The author of Turtle Feet talks about being a monk, falling under India’s spell, and re-learning how to live in the West.
Why did you write this book? Basically as an homage to Tsar and to understand myself. It's a huge deal to change your name and your identity and to be so fully invested in something. This book is definitely an attempt for me to excavate what happened.
What did happen? I was trying for enlightenment, but I was stuck with this guy—for good or for bad—who was completely crazy. It was like John Lennon's idea that "life is what happens while you're making other plans." Living with Tsar created a lopsided experience of Buddhism and of being a monk. He created this notion that everything was very unreal in a way that was stronger than the teaching itself on how things are unreal. He had a transcendental persona and filtered everything through a prism that he had invented himself of what Buddhism is and what reality is. Supposedly the Indian Secret Service was chasing him. He stayed locked up in his room for four or five months. I never saw anyone chasing him.Did you wonder if he was a sage? Of course! I still do—you never know.
You describe a kind of Kerouac-like fraternity. I wasn't used to that very masculine existence. Most of my friends were men. I wasn't even really allowed to talk to women as a monk. So my experience was very limited. I would never hang out with people like that or talk in the same way if I were in the U.S. or Bulgaria. These wouldn't be my friends. So it's very strange, almost exotic, for me to write from that point of view.
Why did you disrobe? I felt really uncomfortable with the hierarchy. I wanted to be a monk, but I wanted to be incognito and I couldn't be. I didn't want anyone to bow down to me.
Another thing that was really strong was that I started writing. I really felt that there was a lack of creativity, especially surrounded by three thousand monks every day going to debate in the morning and then the afternoon and then the night—listening to the same definitions, the same memorized arguments. It felt robotic.
So you weren't comfortable being a monk? Monasticism is a strange thing. A Tibetan family might have two daughters and three sons and they'll say one son is going to be the monk. From the moment he is born he is designated to be a monk. I had a sense that many monks weren't fulfilled. They have been sent by their parents to a place that they don't necessarily like but can't leave.

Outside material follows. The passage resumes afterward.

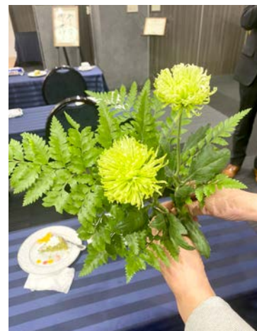
菊〈アナスタシア〉(中国)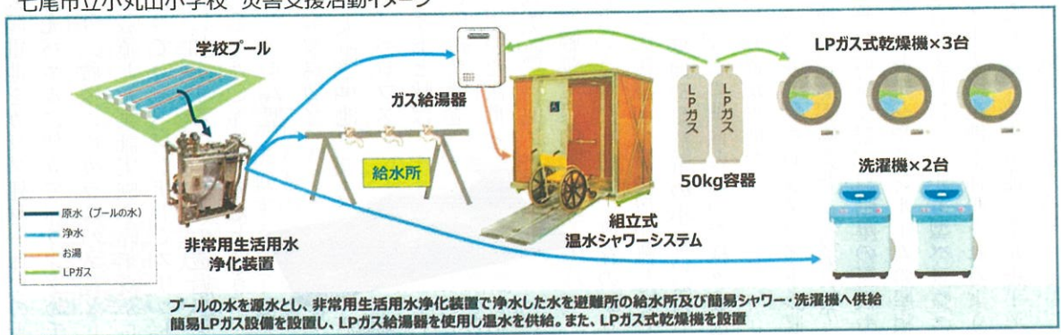
七尾市立小丸山小学校 災害支援活動イメージ

確かに期間の短い避難所生活であれば、飲み水や煮炊き用にペットボトルの水で充分なのだろうが、避難所生活が数ヶ月に及ぶ時には水不足で手洗いやシャワーを浴びることができないのはかなりのストレスになる。そのままでは使えないプールや川などの水を浄水してさまざまな用途に使う。こういう取り組みは是非必要だろう。また、災害時にいろいろな業種の事業者が速やかにコラボすることで人々の要望に応えようとする努力には敬意を表したい。

If they leave there is a stigma: they won't get jobs; it'll be very difficult to find a wife.
How did you decide to leave? By the time I left, I was psychologically, emotionally, and physically worn down. I got deathly sick in Bodh Gaya and I almost died. It was horrifying. At the same time, it was very liberating. Because at that very last moment, I felt that it didn't really matter, that holding onto all these things that I was holding onto so hard wasn't that important. Life and death are larger than that.What was it like returning to the West? I was twenty-six and had been in India since I was twenty-two. I was very naive. I had completely un-learned to live in the West. I didn't know how to drive a car. I didn't have an ID. I couldn't talk to people—I couldn't relate to them. But what helped me was writing. I channeled what I couldn't communicate with others into my writing. That is how I rehabilitated.
Tell me about India. India is something very special. I think I learned more from India than from the robes, the teachers, and even Tsar. The core of the Buddhist teaching is in the air. You can smell it. There is a relaxed sense that allows things to occur. If you allow yourself to feel it, it will be a much deeper feeling than just debating, or taking vows, or doing anything else. A friend of mine who visited Dharamsala put it this way: "It feels like even the mountains are meditating."